So, as the doctor instructed, I met with a dietician and started checking my blood sugar four times a day. The dietician went over how to read food labels to stay under my carbs for each meal and snack (apparently sugar is a category under the carbohydrate umbrella, who knew?) and what foods I could eat, etc. 

Holding onto the fact that most of the time this condition goes away after the baby is born, I started eating like a diabetic, thinking I'd endure it for a few weeks and maybe pick up some good habits along the way.
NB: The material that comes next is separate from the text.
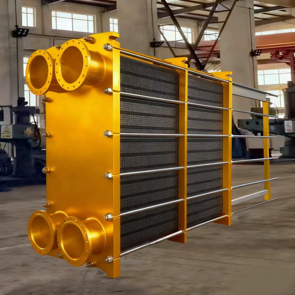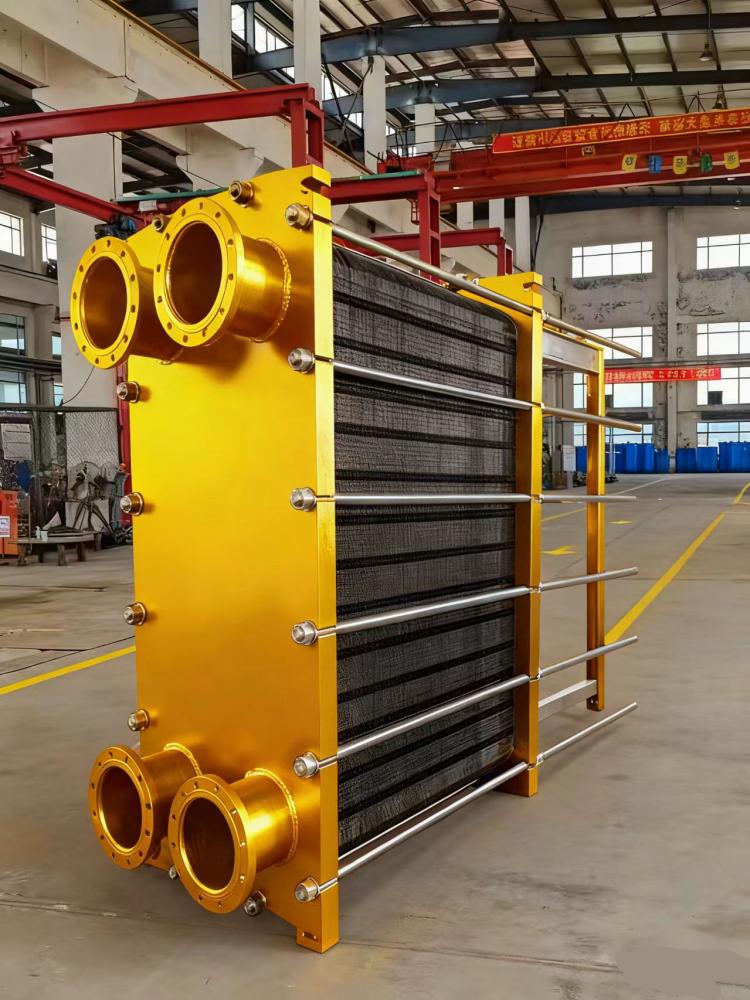 板式换热器是将板片以叠加的形式装在固定压紧板、活动压紧板中间,然后用夹紧螺栓夹紧而成。

Now that I've been doing it for about a month, I haven't picked up healthy habits as much as start a running list of things I want to eat as soon as I'm able again. 

If you want to come see the baby after he's born, feel free to bring any of the following items with you. 

Soft cookies
Oreos
a loaf of homemade bread
Ice cream
Fruit in the morning
Cereal 
Poptarts
Cake
Pie
a sweet potato with my steak
a baked potato with my steak
Sweet tea
A full glass of milk


Monday, July 29, 2013

From Baby to Little Girl

Early this year, we sold our tiny house in the country and moved into a rent house in town while we looked for our next place. We did minimal decorating, since it would only be temporary. Over the next few months, we looked at houses. Meanwhile, the owner of our rental put it back on the market, and we eventually decided maybe this very house was the right next step for us. 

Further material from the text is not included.